Having a fawning response is associated with complex PTSD and co-dependence. Complex PTSD is when your trauma comes from repeated events. So typically do to a repeated situation in a family dynamic. Co-dependence is consistently abandoning your own needs to serve others to avoid conflict, which is also a fawning response.
Some examples of fawning responses are having it be very difficult to say “no” and having a fear of saying what you really feel. The important thing to understand about our sympathetic nervous system responses is we don’t have a lot of control over it in the moment. Additionally, these responses trump everything else in our system, including rational thinking. And this is by design because the nervous system takes over and makes the decisions essentially to keep us safe.

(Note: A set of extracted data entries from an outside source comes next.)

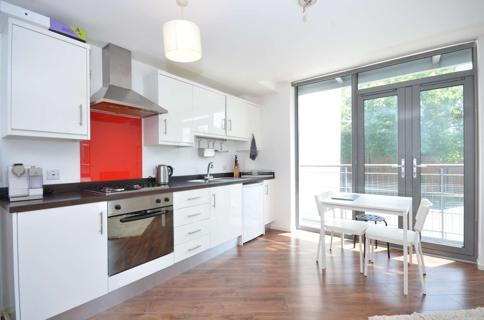 Open plan lounge - kitchen with small balcony, range of built in units, integrated, electric oven & hob, extractor, stainless steel sink & drainer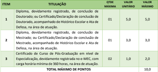 A prova de títulos será realizada considerando os títulos de formação acadêmica. A pontuação para a prova de títulos será realizada da seguinte forma: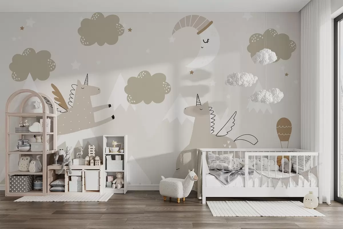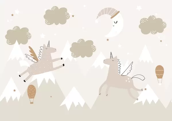 Fotobehang Slapende maan, eenhoorns en ballonnen N° w04886

Another thing to consider is we don’t get to decide which survival response we get triggered into, whether it’s fight, flight, freeze, or fawn. Our nervous system makes that decision for us. And we can’t stop the response, even if it happens during sexual assault. Fawning is a common survival response during sexual assault, which means the victim survives by appeasing the abuser. And if you don’t know how the nervous system works, then you might devalue yourself after the fact and have shame about not trying to stop the assault.
One of the hardest things about going through that experience is the shame that we have after. It’s very confusing if we’ve gone into a fawning survival response and didn’t try to stop what was happening. But we really need to get educated about how the nervous system works. I even read somewhere that the fawning survival response during sexual assault can create a sense of sexual arousal. This is extremely confusing after the fact even though our nervous system was trying to protect you.